Genotype estimates from short-read sequencing data are typically based on the alignment of reads to a linear reference, but reads originating from more complex variants (for example, structural variants) often align poorly, resulting in biased genotype estimates. This bias can be mitigated by first collecting a set of candidate variants across discovery methods, individuals and databases, and then realigning the reads to the variants and reference simultaneously. However, this realignment problem has proved computationally difficult. Here, we present a new method (BayesTyper) that uses exact alignment of read k-mers to a graph representation of the reference and variants to efficiently perform unbiased, probabilistic genotyping across the variation spectrum.

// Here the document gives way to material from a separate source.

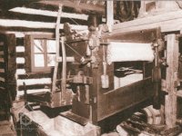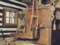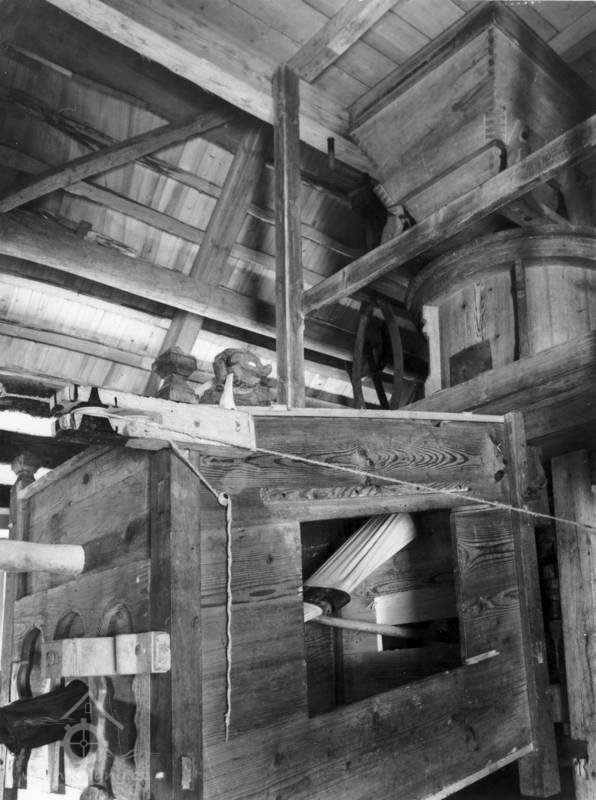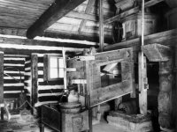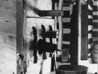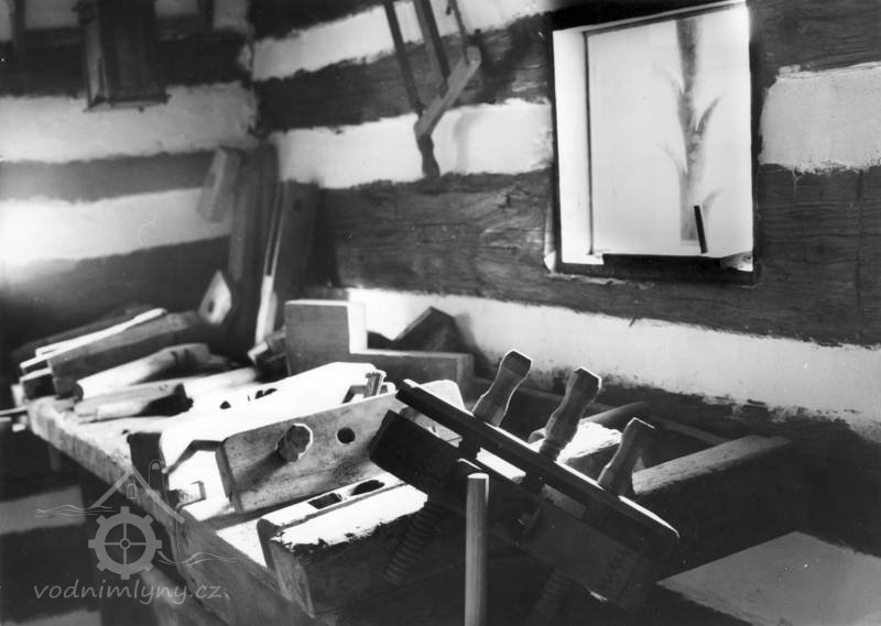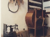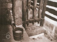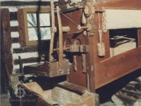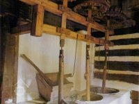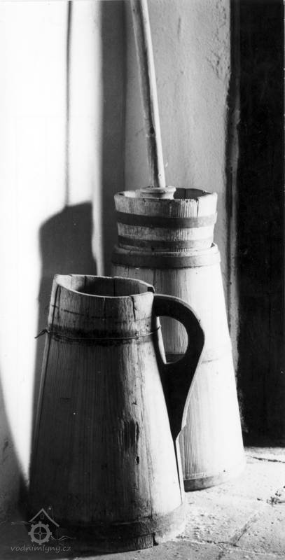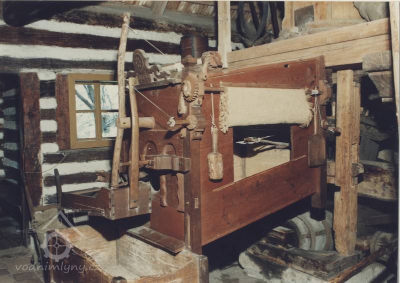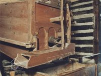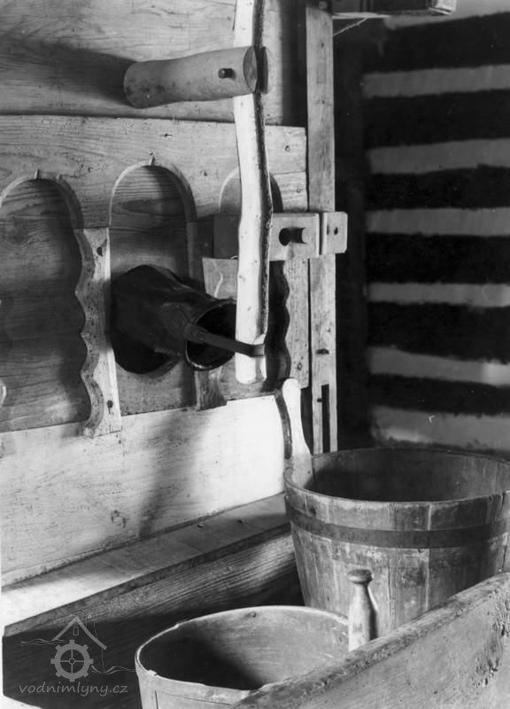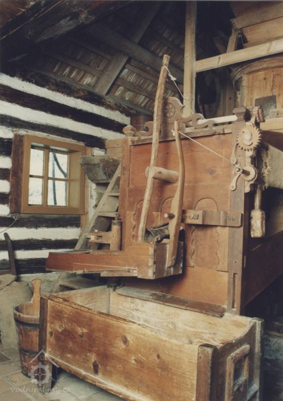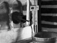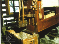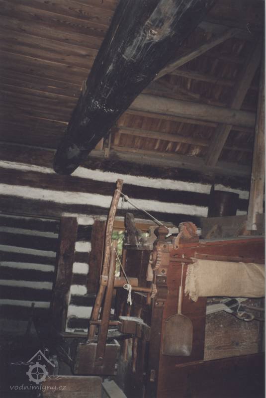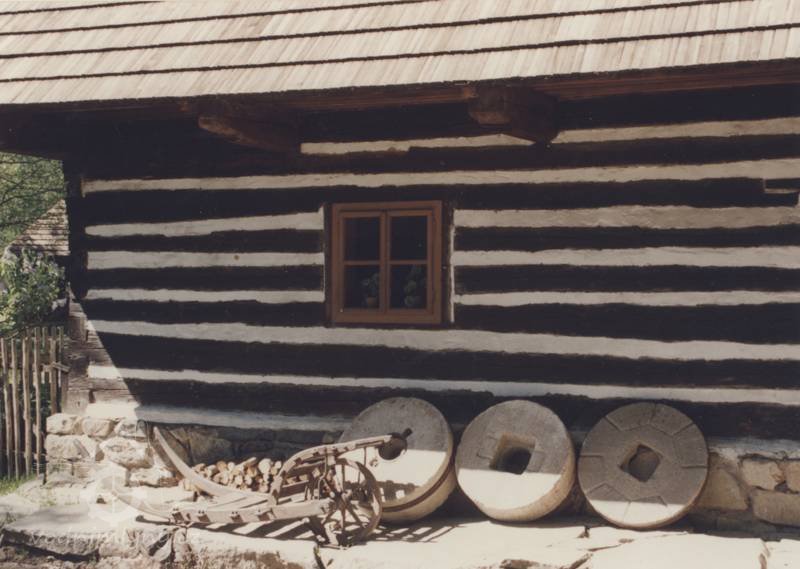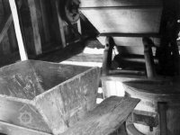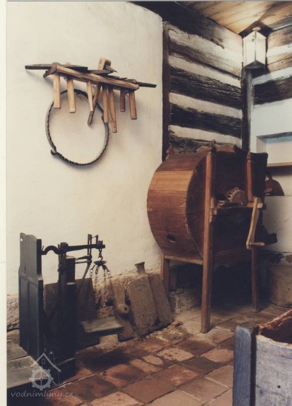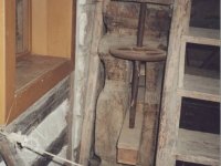 Vybavení části mlýnice (zleva dole) váha, náhradní kypřice, náhradní čep a čisticí mlýnek (fofr), 1999, © Jitka Svobodová, (Prvky na obrázku: váha)

We demonstrate that BayesTyper generally provides superior variant sensitivity and genotyping accuracy relative to existing methods when used to integrate variants across discovery approaches and individuals. Finally, we demonstrate that including a 'variation-prior' database containing already known variants significantly improves sensitivity.
基于短读测序数据的基因型估计通常基于将读取与线性参考进行比对,但源自更复杂变体(例如结构变体)的读取通常比对效果不佳,导致基因型估计存在偏差。通过首先使用各种发现方法、个体和数据库收集一组候选变体,然后同时将读取重新对齐到变体和参考上,可以减轻这种偏差。然而,这种重新对齐问题在计算上被证明是困难的。在这里,我们提出了一种新的方法(BayesTyper),它使用读取 k-mer 与参考和变体的图形表示的精确比对,以有效地在整个变异谱中进行无偏、概率基因型检测。我们证明,当用于整合来自不同发现方法和个体的变体时,BayesTyper 通常相对于现有方法提供更高的变体敏感性和基因型准确性。最后,我们证明包含包含已知变体的“变体先验”数据库显著提高了敏感性。